Excerpts from a dataset
______
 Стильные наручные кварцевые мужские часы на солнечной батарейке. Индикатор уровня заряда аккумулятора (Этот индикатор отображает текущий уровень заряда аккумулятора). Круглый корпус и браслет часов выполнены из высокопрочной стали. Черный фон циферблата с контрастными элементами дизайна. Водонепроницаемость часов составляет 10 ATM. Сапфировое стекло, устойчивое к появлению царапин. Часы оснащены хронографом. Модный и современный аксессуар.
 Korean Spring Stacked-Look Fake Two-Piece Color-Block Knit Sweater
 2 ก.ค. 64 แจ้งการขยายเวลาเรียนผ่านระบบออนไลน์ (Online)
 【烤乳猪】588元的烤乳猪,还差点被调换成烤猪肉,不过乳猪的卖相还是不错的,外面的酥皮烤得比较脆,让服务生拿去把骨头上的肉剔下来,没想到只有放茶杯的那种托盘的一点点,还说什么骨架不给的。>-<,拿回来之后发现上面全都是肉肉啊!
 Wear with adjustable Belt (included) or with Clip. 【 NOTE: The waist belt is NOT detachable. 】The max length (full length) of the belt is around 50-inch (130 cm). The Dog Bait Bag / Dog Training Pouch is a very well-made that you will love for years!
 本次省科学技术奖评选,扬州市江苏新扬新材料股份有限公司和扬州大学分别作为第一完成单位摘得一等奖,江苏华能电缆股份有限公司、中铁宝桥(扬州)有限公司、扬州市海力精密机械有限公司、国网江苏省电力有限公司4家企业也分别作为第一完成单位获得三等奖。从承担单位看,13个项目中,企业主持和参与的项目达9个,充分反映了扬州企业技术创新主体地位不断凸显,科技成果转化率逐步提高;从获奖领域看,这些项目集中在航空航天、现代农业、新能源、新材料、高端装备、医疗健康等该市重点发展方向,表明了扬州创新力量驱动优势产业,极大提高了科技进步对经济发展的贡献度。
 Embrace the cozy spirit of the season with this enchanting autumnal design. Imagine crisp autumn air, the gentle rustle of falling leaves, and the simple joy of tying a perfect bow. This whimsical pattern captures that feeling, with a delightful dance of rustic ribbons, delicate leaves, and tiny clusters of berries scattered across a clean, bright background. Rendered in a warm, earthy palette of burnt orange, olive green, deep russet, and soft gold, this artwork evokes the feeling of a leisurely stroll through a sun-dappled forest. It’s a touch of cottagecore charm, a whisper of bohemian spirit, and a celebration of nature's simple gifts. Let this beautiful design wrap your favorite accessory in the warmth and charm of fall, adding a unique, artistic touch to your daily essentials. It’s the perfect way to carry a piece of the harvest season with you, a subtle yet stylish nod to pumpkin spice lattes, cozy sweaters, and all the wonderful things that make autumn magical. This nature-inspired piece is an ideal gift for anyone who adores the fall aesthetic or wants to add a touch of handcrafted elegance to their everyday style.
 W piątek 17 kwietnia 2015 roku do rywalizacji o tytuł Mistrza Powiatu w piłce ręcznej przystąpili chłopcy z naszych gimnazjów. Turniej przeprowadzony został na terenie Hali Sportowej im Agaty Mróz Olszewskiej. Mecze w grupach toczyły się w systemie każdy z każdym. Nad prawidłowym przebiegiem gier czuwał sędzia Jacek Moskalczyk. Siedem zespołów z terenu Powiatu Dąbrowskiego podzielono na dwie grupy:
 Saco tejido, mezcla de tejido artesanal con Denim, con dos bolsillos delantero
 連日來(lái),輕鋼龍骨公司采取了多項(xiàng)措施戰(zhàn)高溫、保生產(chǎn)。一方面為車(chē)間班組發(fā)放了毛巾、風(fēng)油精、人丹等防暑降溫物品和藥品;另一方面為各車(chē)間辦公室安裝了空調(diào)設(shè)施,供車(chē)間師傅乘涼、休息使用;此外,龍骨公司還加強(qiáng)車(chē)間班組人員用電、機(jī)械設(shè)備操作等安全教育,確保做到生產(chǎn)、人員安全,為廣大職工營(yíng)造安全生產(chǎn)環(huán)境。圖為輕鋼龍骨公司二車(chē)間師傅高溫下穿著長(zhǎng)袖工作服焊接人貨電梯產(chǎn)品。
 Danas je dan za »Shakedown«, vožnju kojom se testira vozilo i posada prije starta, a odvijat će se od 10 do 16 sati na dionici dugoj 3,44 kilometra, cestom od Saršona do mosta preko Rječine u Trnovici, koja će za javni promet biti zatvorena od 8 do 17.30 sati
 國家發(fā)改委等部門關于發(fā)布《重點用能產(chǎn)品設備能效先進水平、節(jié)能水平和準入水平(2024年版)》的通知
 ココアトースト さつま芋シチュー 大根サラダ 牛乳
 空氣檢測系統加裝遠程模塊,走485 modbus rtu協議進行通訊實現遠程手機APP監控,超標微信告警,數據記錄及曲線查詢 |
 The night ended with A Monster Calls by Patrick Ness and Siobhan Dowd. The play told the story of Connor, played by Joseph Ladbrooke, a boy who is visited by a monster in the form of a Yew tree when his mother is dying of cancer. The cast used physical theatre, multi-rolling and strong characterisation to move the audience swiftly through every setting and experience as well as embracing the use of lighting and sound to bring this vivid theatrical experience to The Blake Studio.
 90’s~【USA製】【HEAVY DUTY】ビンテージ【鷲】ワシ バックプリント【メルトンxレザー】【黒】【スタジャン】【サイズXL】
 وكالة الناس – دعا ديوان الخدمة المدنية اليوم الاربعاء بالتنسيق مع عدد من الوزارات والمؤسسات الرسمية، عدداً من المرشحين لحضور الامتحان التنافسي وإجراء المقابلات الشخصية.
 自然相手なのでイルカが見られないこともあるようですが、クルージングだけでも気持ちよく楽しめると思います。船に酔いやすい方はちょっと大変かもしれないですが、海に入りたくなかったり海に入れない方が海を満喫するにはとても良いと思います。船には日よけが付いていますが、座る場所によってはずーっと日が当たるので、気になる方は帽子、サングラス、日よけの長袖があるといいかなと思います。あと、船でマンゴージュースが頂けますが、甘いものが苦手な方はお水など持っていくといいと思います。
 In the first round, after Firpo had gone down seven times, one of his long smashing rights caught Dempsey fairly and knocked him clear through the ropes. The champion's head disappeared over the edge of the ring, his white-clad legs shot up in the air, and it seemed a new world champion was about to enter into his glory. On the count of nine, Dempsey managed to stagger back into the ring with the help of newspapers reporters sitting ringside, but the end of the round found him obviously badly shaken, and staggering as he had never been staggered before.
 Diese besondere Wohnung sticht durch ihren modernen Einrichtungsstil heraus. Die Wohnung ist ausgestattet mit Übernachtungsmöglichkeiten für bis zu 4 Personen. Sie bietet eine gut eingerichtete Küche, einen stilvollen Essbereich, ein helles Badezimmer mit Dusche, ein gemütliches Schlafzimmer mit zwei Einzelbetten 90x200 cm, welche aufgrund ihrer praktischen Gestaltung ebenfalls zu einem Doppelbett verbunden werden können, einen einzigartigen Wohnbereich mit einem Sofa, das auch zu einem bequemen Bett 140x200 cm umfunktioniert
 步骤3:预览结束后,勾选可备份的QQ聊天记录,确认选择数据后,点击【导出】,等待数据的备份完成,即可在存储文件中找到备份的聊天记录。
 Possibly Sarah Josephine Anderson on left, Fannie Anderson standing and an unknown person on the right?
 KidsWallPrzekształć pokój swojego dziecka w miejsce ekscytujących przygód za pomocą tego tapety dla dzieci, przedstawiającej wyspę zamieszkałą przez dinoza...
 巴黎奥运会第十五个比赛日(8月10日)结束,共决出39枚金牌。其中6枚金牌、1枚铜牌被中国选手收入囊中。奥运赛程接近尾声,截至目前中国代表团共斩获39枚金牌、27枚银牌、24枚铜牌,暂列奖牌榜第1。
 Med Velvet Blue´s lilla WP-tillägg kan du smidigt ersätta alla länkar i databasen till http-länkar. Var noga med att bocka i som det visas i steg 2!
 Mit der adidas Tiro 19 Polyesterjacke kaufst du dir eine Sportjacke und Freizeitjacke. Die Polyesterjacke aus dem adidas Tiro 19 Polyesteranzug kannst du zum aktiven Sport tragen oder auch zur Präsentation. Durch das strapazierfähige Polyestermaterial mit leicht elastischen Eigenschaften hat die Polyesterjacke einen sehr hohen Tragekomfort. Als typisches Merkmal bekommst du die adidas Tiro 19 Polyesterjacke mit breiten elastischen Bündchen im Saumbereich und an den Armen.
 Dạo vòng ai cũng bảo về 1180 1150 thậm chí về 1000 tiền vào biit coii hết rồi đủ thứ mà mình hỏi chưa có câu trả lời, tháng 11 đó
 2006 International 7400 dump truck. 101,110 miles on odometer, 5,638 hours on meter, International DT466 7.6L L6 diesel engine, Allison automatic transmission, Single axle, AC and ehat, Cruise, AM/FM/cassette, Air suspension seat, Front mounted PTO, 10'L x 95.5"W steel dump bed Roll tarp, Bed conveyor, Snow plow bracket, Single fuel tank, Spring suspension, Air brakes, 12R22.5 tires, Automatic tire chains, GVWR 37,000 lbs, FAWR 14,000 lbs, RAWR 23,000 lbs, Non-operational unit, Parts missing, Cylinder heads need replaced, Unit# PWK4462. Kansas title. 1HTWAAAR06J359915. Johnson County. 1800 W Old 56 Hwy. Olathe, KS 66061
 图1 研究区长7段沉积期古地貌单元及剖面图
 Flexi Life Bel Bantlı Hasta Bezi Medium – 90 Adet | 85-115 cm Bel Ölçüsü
______
- DESCRIPTION OF THE TASK: What is needed is every line from the start of the entries through the line containing "本次省科学技术奖评选,扬州市", returned word for word and nothing else.

- THE COMPLETED TASK:
 Стильные наручные кварцевые мужские часы на солнечной батарейке. Индикатор уровня заряда аккумулятора (Этот индикатор отображает текущий уровень заряда аккумулятора). Круглый корпус и браслет часов выполнены из высокопрочной стали. Черный фон циферблата с контрастными элементами дизайна. Водонепроницаемость часов составляет 10 ATM. Сапфировое стекло, устойчивое к появлению царапин. Часы оснащены хронографом. Модный и современный аксессуар.
 Korean Spring Stacked-Look Fake Two-Piece Color-Block Knit Sweater
 2 ก.ค. 64 แจ้งการขยายเวลาเรียนผ่านระบบออนไลน์ (Online)
 【烤乳猪】588元的烤乳猪,还差点被调换成烤猪肉,不过乳猪的卖相还是不错的,外面的酥皮烤得比较脆,让服务生拿去把骨头上的肉剔下来,没想到只有放茶杯的那种托盘的一点点,还说什么骨架不给的。>-<,拿回来之后发现上面全都是肉肉啊!
 Wear with adjustable Belt (included) or with Clip. 【 NOTE: The waist belt is NOT detachable. 】The max length (full length) of the belt is around 50-inch (130 cm). The Dog Bait Bag / Dog Training Pouch is a very well-made that you will love for years!
 本次省科学技术奖评选,扬州市江苏新扬新材料股份有限公司和扬州大学分别作为第一完成单位摘得一等奖,江苏华能电缆股份有限公司、中铁宝桥(扬州)有限公司、扬州市海力精密机械有限公司、国网江苏省电力有限公司4家企业也分别作为第一完成单位获得三等奖。从承担单位看,13个项目中,企业主持和参与的项目达9个,充分反映了扬州企业技术创新主体地位不断凸显,科技成果转化率逐步提高;从获奖领域看,这些项目集中在航空航天、现代农业、新能源、新材料、高端装备、医疗健康等该市重点发展方向,表明了扬州创新力量驱动优势产业,极大提高了科技进步对经济发展的贡献度。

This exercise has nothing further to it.